→ EXERCISE DESCRIPTION: Pictures are to be dropped. Everything else in the listing gets copied exactly.

→ SUPPLIED MATERIAL:
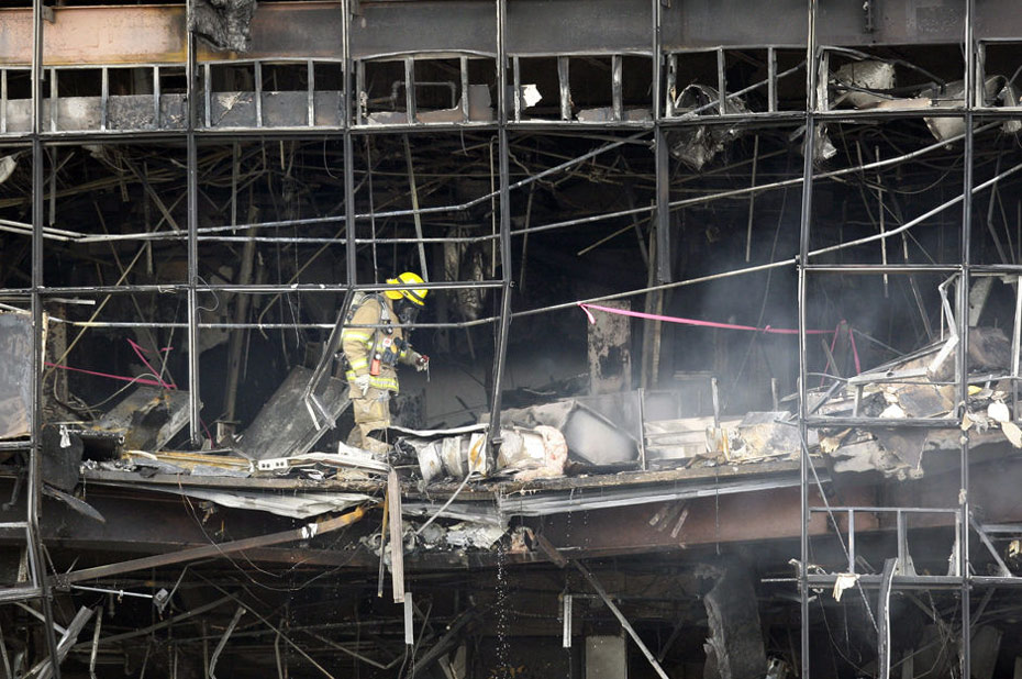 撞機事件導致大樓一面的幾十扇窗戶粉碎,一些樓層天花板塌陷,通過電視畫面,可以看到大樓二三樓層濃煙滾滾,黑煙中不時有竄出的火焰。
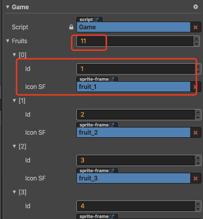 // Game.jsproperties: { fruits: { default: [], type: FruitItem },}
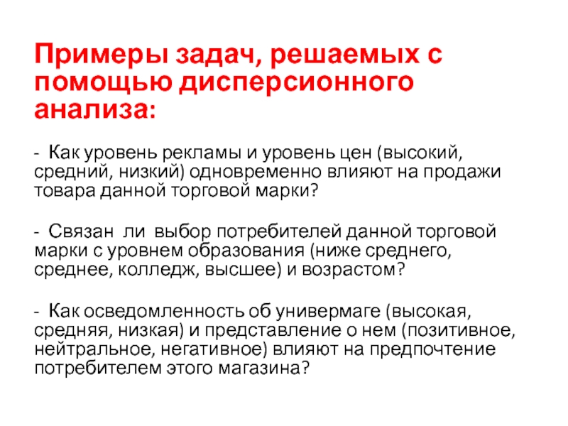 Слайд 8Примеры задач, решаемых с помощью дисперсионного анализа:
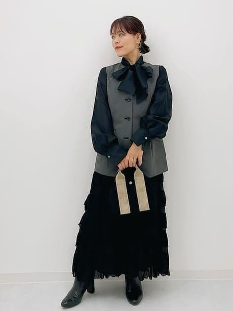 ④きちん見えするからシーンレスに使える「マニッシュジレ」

→ REPLY:
 撞機事件導致大樓一面的幾十扇窗戶粉碎,一些樓層天花板塌陷,通過電視畫面,可以看到大樓二三樓層濃煙滾滾,黑煙中不時有竄出的火焰。
 // Game.jsproperties: { fruits: { default: [], type: FruitItem },}
 Слайд 8Примеры задач, решаемых с помощью дисперсионного анализа:
 ④きちん見えするからシーンレスに使える「マニッシュジレ」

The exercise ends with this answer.